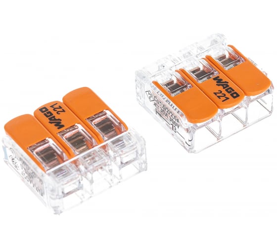 Клеммы WAGO 221-613 имеет трехпроводной разъем, подходит для присоединения проводников любых типов сечением от 0,5 до 6 мм2. Изделие способствует безопасной установке длинных кабельных трасс с большими поперечными сечениями проводов.
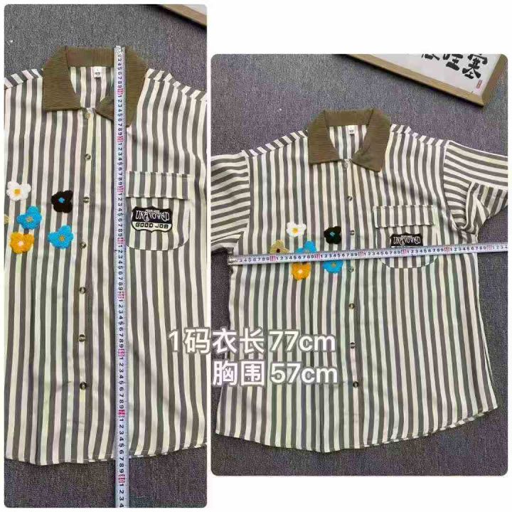 休闲条纹短袖衬衫135件9.5,撞色拼接,字母刺绣,花朵图案毛巾绣,码数1-3...
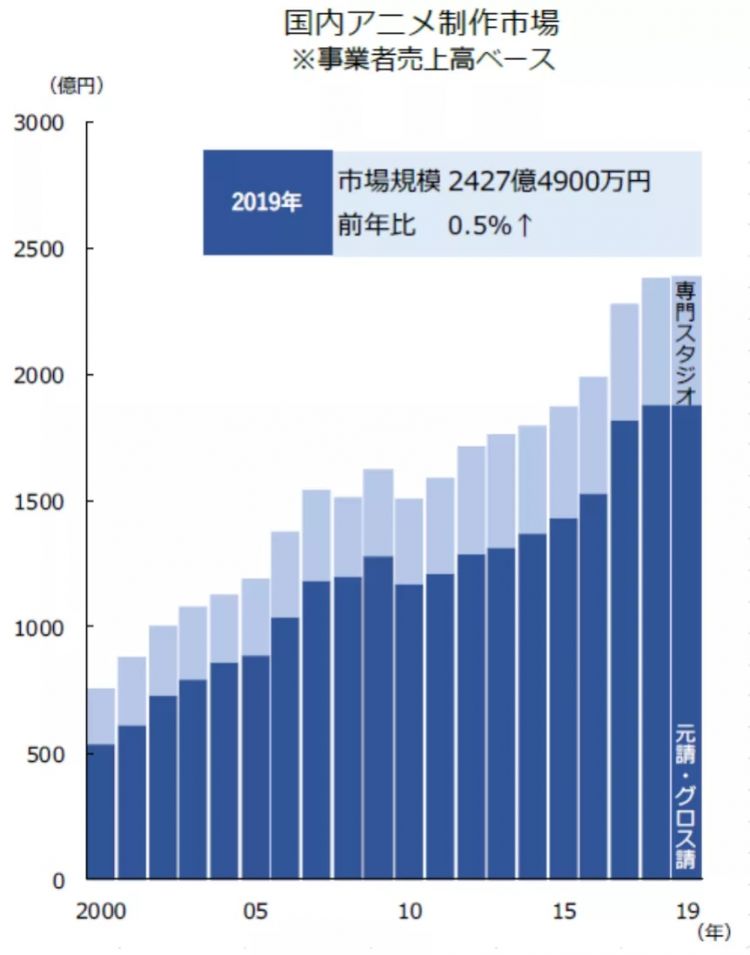 进入2010年代后,虽然动画制作业界的规模急速扩大,但2019年的成长速度却出现了急刹车。
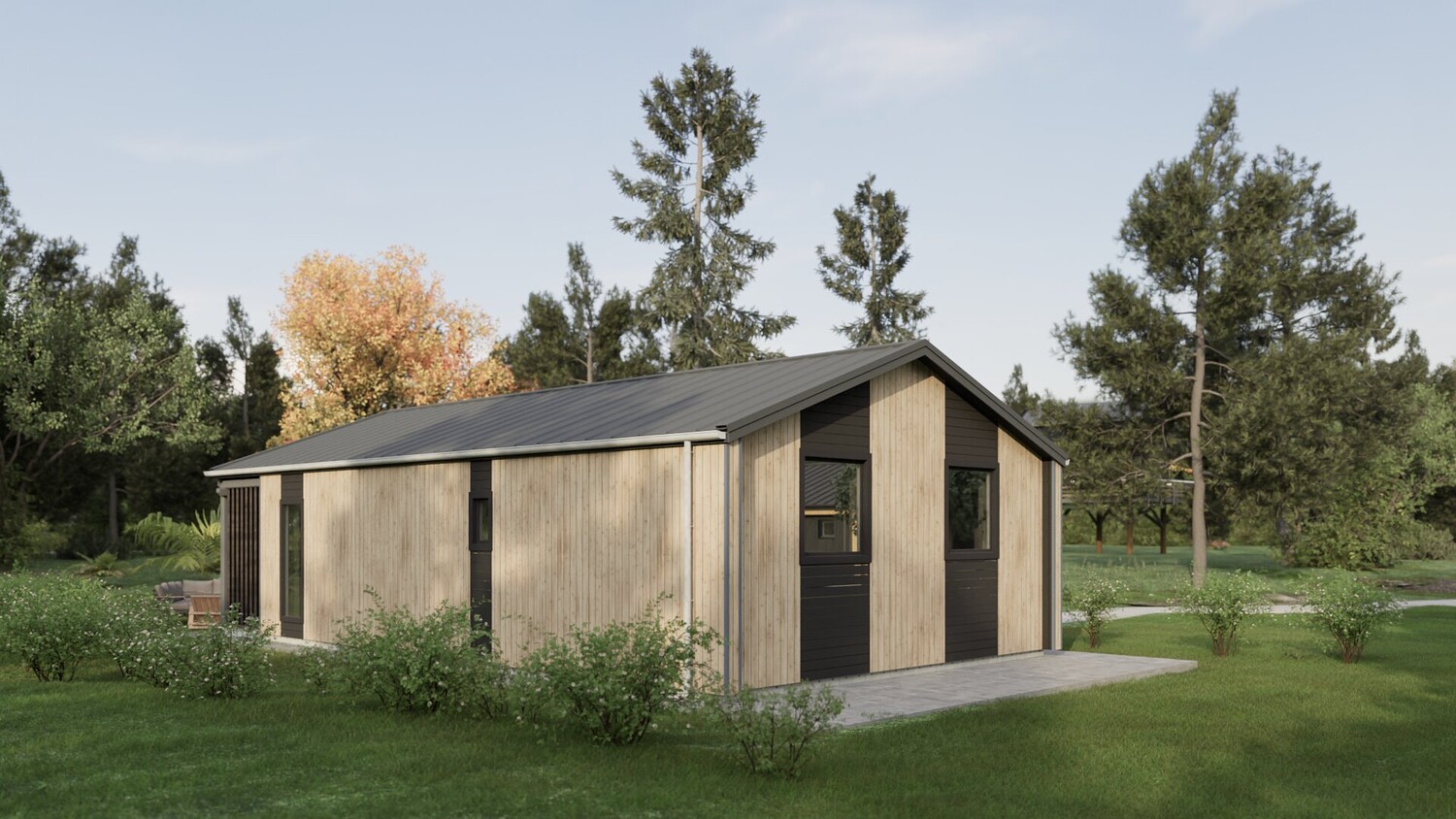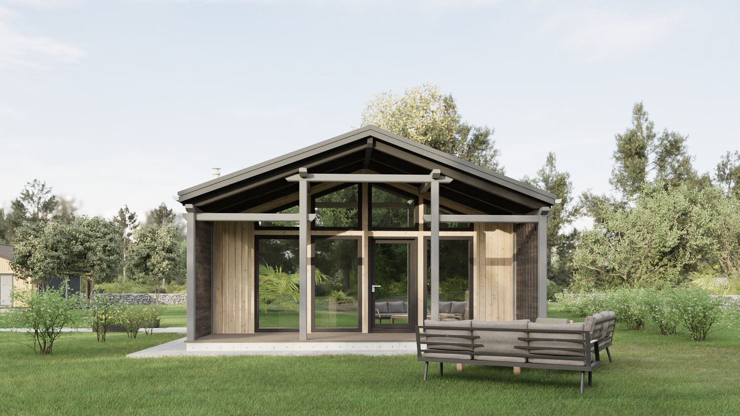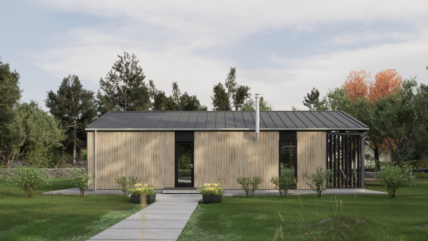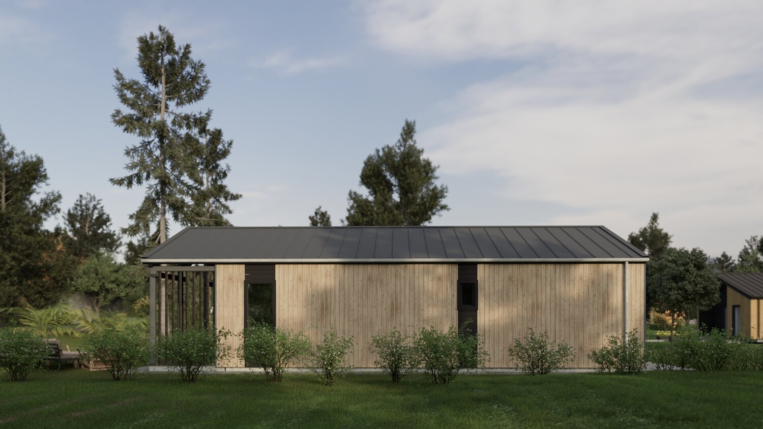 The house measures 7 x 12.6 m. It has three rooms. Separate shower and toilet. The layout is simple, compact and spacious, with every centimetre well thought out.
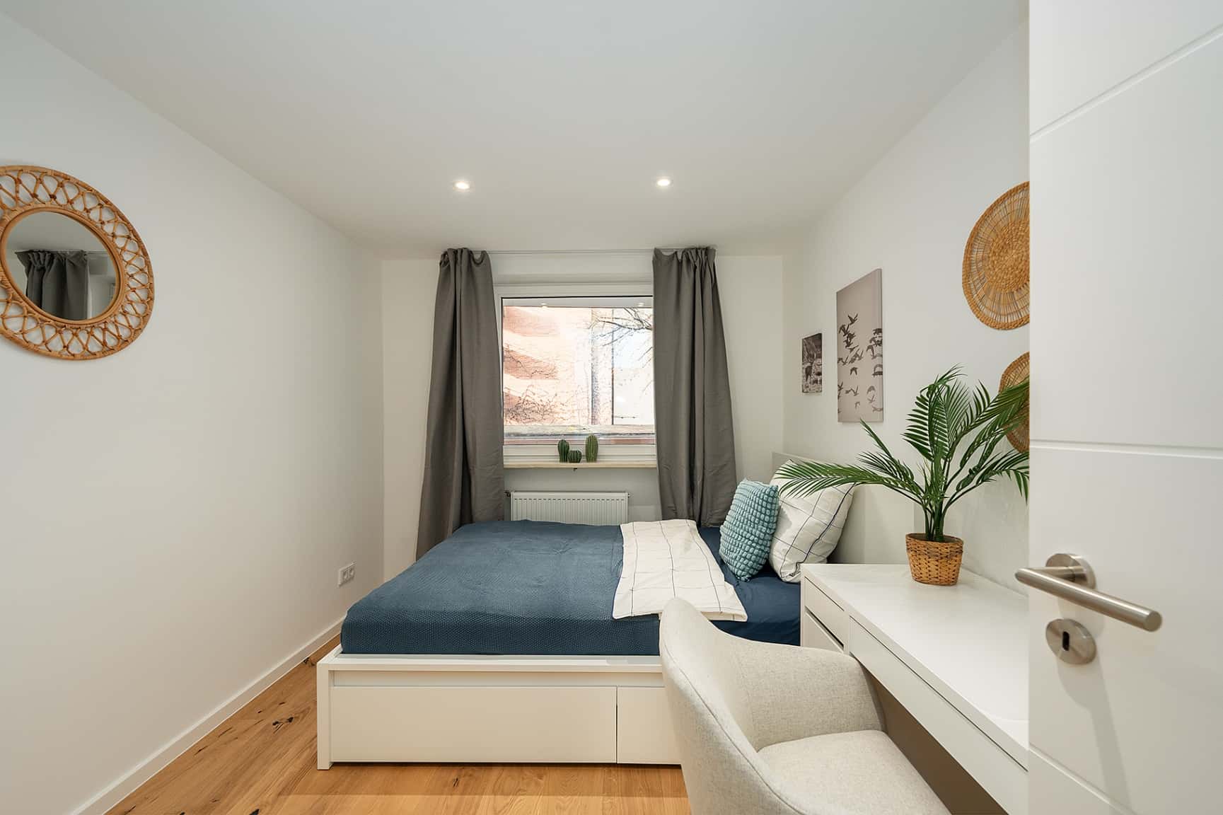 We offer you the opportunity to move into a stylish, high-quality furnished apartment designed by our interior team. The bright and attractive apartment is located in a well-maintained multi-family house in a central and convenient area. Public transport is just a 5-minute walk away, providing excellent access to all parts of Munich. Numerous shopping and retail options are within walking distance. Upon entering the apartment, you are welcomed by bright and friendly rooms furnished with great attention to comfort, quality, and design. Each room is equipped with a bed, wardrobe, desk, and chair, allowing you to move in with just a suitcase. The modern bathroom features sand-colored tiles, a walk-in shower, and a rain shower. The fully equipped kitchen includes a dishwasher and a washing machine with drying function. Balconies or loggias are furnished with a table and two chairs. Some of our apartments are currently undergoing renovation. Should this be the case, all apartments are guaranteed to be ready for occupancy by the agreed move-in date. After completion, they meet our high standards of quality and furnishing. As all our apartments follow the same design concept, you can expect an equally attractive and comfortable living environment. The images shown may be sample images and serve to illustrate the furnishing style and standard. A lockable cellar compartment is also included. Electricity and heating costs are included in the warm rent. Only internet and broadcasting fees are shared with your housemates.
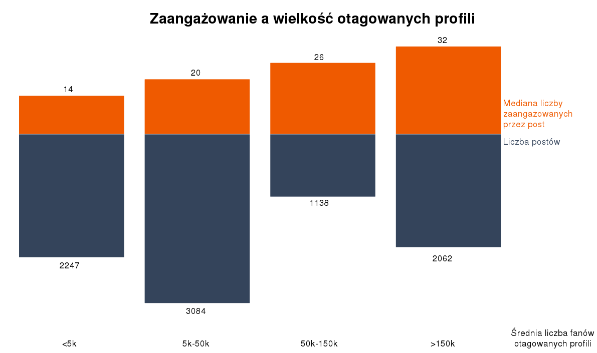 Sprawdziliśmy również, czy popularność stron, które tagujemy w poście ma wpływ na zaangażowanie użytkowników. W tym celu dla każdego z postów zawierających tagi obliczyliśmy średnią liczbę fanów oznaczonych profili. Wyniki potwierdziły nasze przypuszczenia – im więcej fanów liczyły otagowane strony, tym bardziej post był angażujący. Posty zawierające oznaczenia profili o średniej liczbie fanów przekraczającej 150 tys. angażowały dwukrotnie więcej użytkowników niż posty, w których otagowane profile liczyły mniej niż 5 tys. fanów.
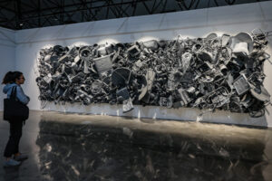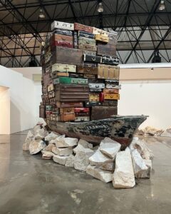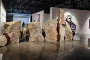 Küratörlüğünü Şener Özmen’in üstlendiği sergide, büyük boyutlu enstalasyonlar, video işleri, yağlı boya tablolar ve metal formların taşla tamamlandığı heykel çalışmaları sergileniyor.

What is expected: Verbatim output of the entries is required, with each image left out.

Completed task:
 Клеммы WAGO 221-613 имеет трехпроводной разъем, подходит для присоединения проводников любых типов сечением от 0,5 до 6 мм2. Изделие способствует безопасной установке длинных кабельных трасс с большими поперечными сечениями проводов.
 休闲条纹短袖衬衫135件9.5,撞色拼接,字母刺绣,花朵图案毛巾绣,码数1-3...
 进入2010年代后,虽然动画制作业界的规模急速扩大,但2019年的成长速度却出现了急刹车。
 The house measures 7 x 12.6 m. It has three rooms. Separate shower and toilet. The layout is simple, compact and spacious, with every centimetre well thought out.
 We offer you the opportunity to move into a stylish, high-quality furnished apartment designed by our interior team. The bright and attractive apartment is located in a well-maintained multi-family house in a central and convenient area. Public transport is just a 5-minute walk away, providing excellent access to all parts of Munich. Numerous shopping and retail options are within walking distance. Upon entering the apartment, you are welcomed by bright and friendly rooms furnished with great attention to comfort, quality, and design. Each room is equipped with a bed, wardrobe, desk, and chair, allowing you to move in with just a suitcase. The modern bathroom features sand-colored tiles, a walk-in shower, and a rain shower. The fully equipped kitchen includes a dishwasher and a washing machine with drying function. Balconies or loggias are furnished with a table and two chairs. Some of our apartments are currently undergoing renovation. Should this be the case, all apartments are guaranteed to be ready for occupancy by the agreed move-in date. After completion, they meet our high standards of quality and furnishing. As all our apartments follow the same design concept, you can expect an equally attractive and comfortable living environment. The images shown may be sample images and serve to illustrate the furnishing style and standard. A lockable cellar compartment is also included. Electricity and heating costs are included in the warm rent. Only internet and broadcasting fees are shared with your housemates.
 Sprawdziliśmy również, czy popularność stron, które tagujemy w poście ma wpływ na zaangażowanie użytkowników. W tym celu dla każdego z postów zawierających tagi obliczyliśmy średnią liczbę fanów oznaczonych profili. Wyniki potwierdziły nasze przypuszczenia – im więcej fanów liczyły otagowane strony, tym bardziej post był angażujący. Posty zawierające oznaczenia profili o średniej liczbie fanów przekraczającej 150 tys. angażowały dwukrotnie więcej użytkowników niż posty, w których otagowane profile liczyły mniej niż 5 tys. fanów.
 Küratörlüğünü Şener Özmen’in üstlendiği sergide, büyük boyutlu enstalasyonlar, video işleri, yağlı boya tablolar ve metal formların taşla tamamlandığı heykel çalışmaları sergileniyor.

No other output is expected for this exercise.